- VHS cover
- Directed by: Brett Piper
- Screenplay by: Brett Piper
- Starring: Donna Frotscher Ron Jeremy Nick Baldasare
- Music by: Stephen Melillo
- Release date: April 2, 1996;
- Running time: 112 minutes
- Country: United States
- Language: English
- Budget: $130,000

= They Bite =

They Bite is a 1996 American science-fiction horror film directed by Brett Piper and starring Ron Jeremy, Nick Baldasare, Donna Frotscher, and Christina Veronica.

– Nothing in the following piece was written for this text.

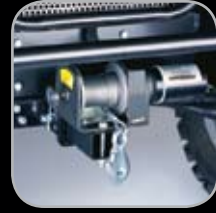
1,500 lb Winch

The film follows some of the premise covered in the Roger Corman film Humanoids from the Deep – sea creatures coming to shore and attacking and mating with humans, but also contains the idea of a film-within-a-film device. A film crew (Nick Baldasare plays the director Mel Duncan) are on location making a film Invasion of the Fishfuckers – which happens to be a story about sea creatures coming ashore and attacking and mating with humans. Ron Jeremy is part of this film crew. Whilst they are making the film, coincidentally the very thing they're filming seems to be happening around them.

==Production==
Filming took place in various locations around and near Bay County, Florida.

==Release==
They Bite was released on VHS and has not been released on DVD or Blu-ray.